To the best of the authors’ belief, this is the first work that proposes a completely automated parallel exploration of datapath and loop unrolling factor using novel hyper-dimensional particle encoding as discussed in Section 3. So far in the related works, none has performed simultaneous exploration of UF and resource combination. Further, no approach exists in the literature that transforms PSO (Kennedy & Eberhart, 1995) for solving MO-DSE problem through an automated process for CDFGs. Besides, following are the highlights/contributions of this work:
(a)
Simultaneous exploration of datapath and loop UF through multi-dimensional PSO.
(b)
An estimation model for delay computation of a loop unrolled CDFG used in most cases.
(c)
Balancing tradeoff between power–performance as well as control states and delay.
(d)
Sensitivity analysis of swarm size and its impact on exploration time and QoR of DSE.
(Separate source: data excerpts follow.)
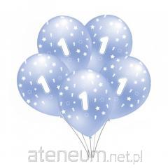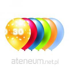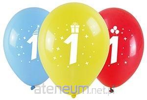 Balony kolorowe wykonane z naturalnego lateksu z obustronnym nadrukiem cyfry. Nadruk wykonany w kolorze białym, kolory balonów: czerwony, żółty i niebieski. W zależności od koloru balonu nadrukowana cyfra posiada dodatkowe atrybuty: imprezową czapeczkę, prezent lub baloniki. Balony wielkości 28 cm. W opakowaniu znajdują się 3 sztuki.
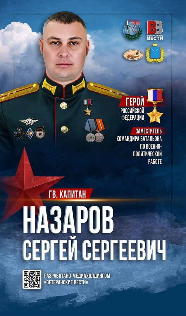Подробнее ознакомится с биографиями и подвигами Героев России можно на сайте (https://xn--64-6kcan3adlwfz2bym.xn--p1ai/heroes/?HERO_TYPE=530919).
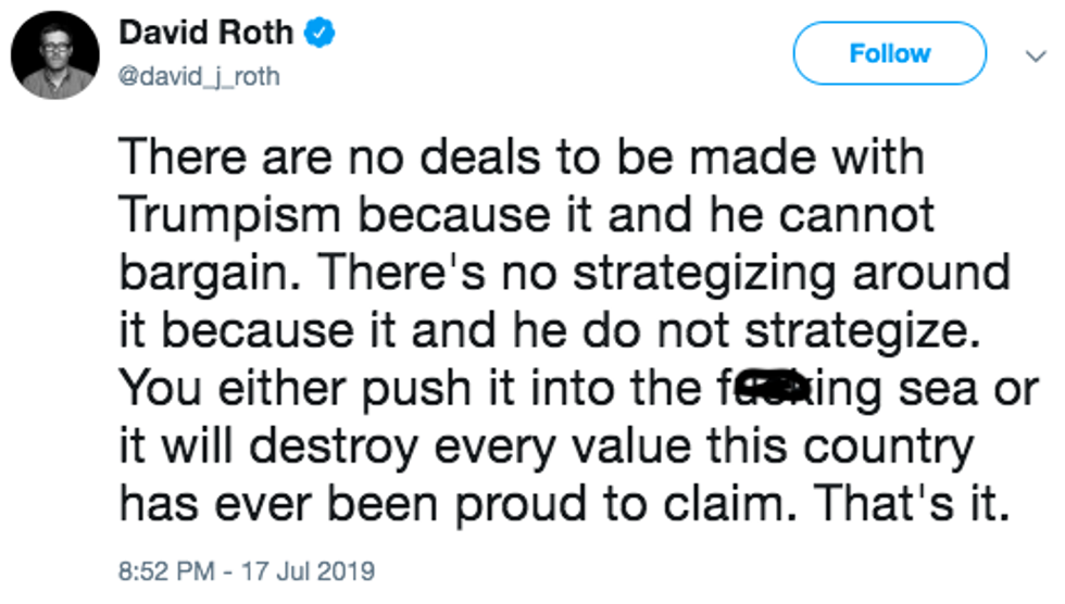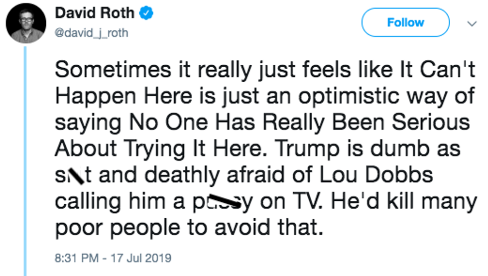 Writer David Roth noted the fascism is a byproduct of Trump's influencers, not a grand design by the man himself.

The rest of the paper is organized as follows: Section 2 discusses the related works. The problem formulation and proposed framework are explained in Section 3. The demonstration of the proposed algorithm is introduced in Section 4. Section 5 reports and analyzes the experimental results while Section 6 concludes the paper.
This paper introduced a novel methodology for automated parallel exploration of an optimal datapath and unrolling factor using a hyper-dimensional particle encoding mechanism. Moreover a novel model for execution time is proposed which is a function of UF. With the help of this function, the execution time can be estimated based on resource combination found without unrolling CDFGs completely in most cases. Furthermore, a novel model for power is proposed. The proposed framework maintain tradeoff between conflicting parameters such as power–performance and simultaneously resolve orthogonal issues such as improve QoR and reduce exploration run time. Additionally, in this paper, a novel analysis of power, execution time and control steps with respect to UF was proposed. Besides above, a novel algorithm for screening of UFs was also presented in this paper which pruned the design space and helped to optimize the exploration time and improve QoR.
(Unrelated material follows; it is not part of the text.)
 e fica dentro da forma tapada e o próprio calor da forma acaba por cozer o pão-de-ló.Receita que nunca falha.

The result of proposed approach when compared with recent works (Krishnan and Katkoori, 2006 and Sengupta et al., 2012) proved that the proposed approach achieved an average improvement in QoR of >28% and reduction in runtime of >94%.
The future work will be directed towards proposing exploration techniques for handling nested loop based CDFGs application during multi-objective tradeoff. Further inclusion of recent parameter such as temperature into the DSE framework in HLS is planned as our future research goal.